(Dataset entries)
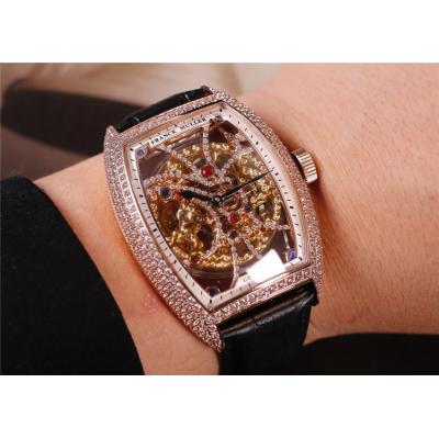 Home AAA-Brand Replica Models A21j Automatic Movement Mens Watch Skeleton Diamonds Dial Diamonds Case Leather Strap E35
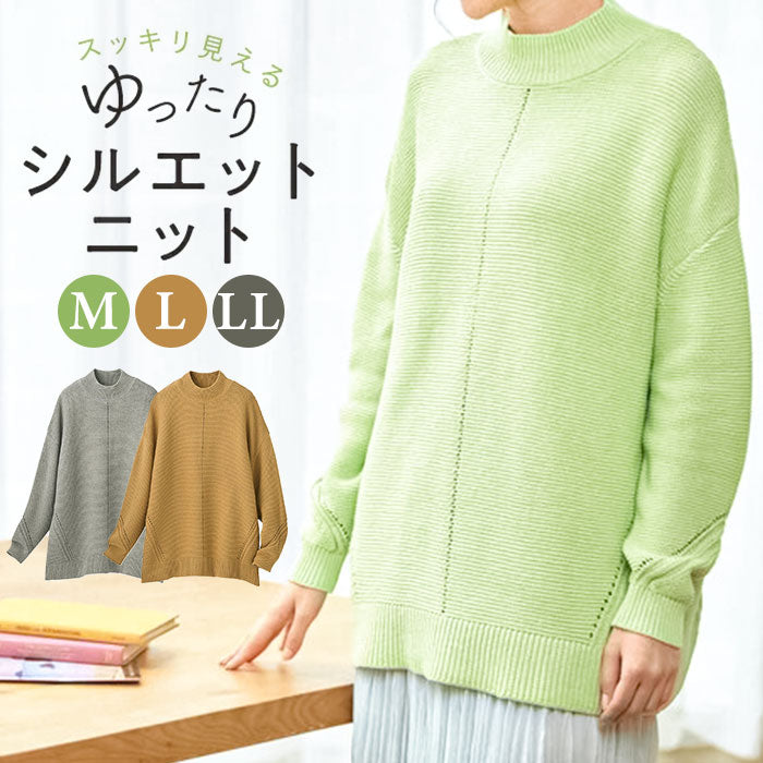 ニット レディース 長袖 通販 セーター トップス ハイネック 体型カバー ゆったりシルエットニット おしゃれ シンプル 大人 かわいい カジュアル ナチュラル オシャレ 無地 女性 ミセス
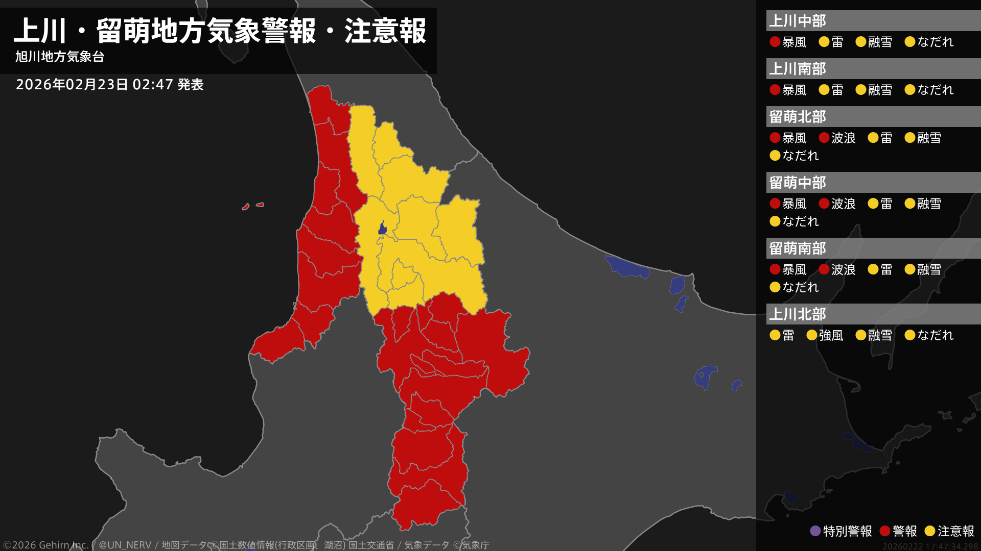 【上川・留萌地方 気象警報・注意報 2026年02月23日 02:47】
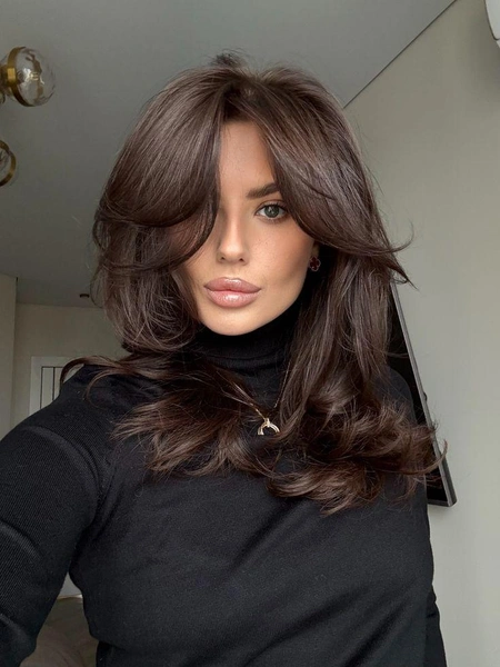 Форма хороша для средних и длинных волос и часто входит в подборки модные стрижки 2026 женские на средние волосы. Волосы выглядят ухоженными даже без укладки, а лицо становится более мягким и свежим.
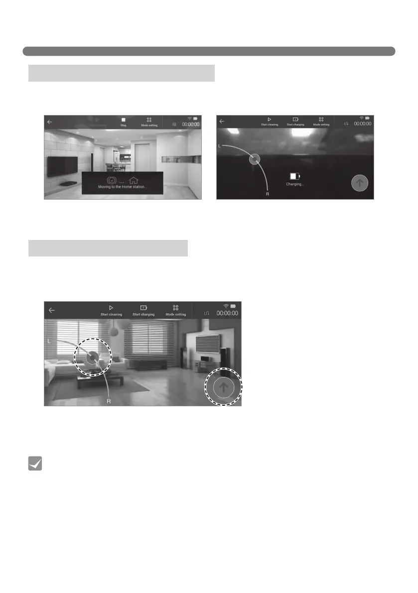 Move the Robot Cleaner with the rotation button on the lower left corner and the forward button on the lower

● **EXERCISE OBJECTIVE**
Return exactly the lines from the one containing "Форма хороша для" through the end of the records, leaving out every picture.

● **RESULT**
 Форма хороша для средних и длинных волос и часто входит в подборки модные стрижки 2026 женские на средние волосы. Волосы выглядят ухоженными даже без укладки, а лицо становится более мягким и свежим.
 Move the Robot Cleaner with the rotation button on the lower left corner and the forward button on the lower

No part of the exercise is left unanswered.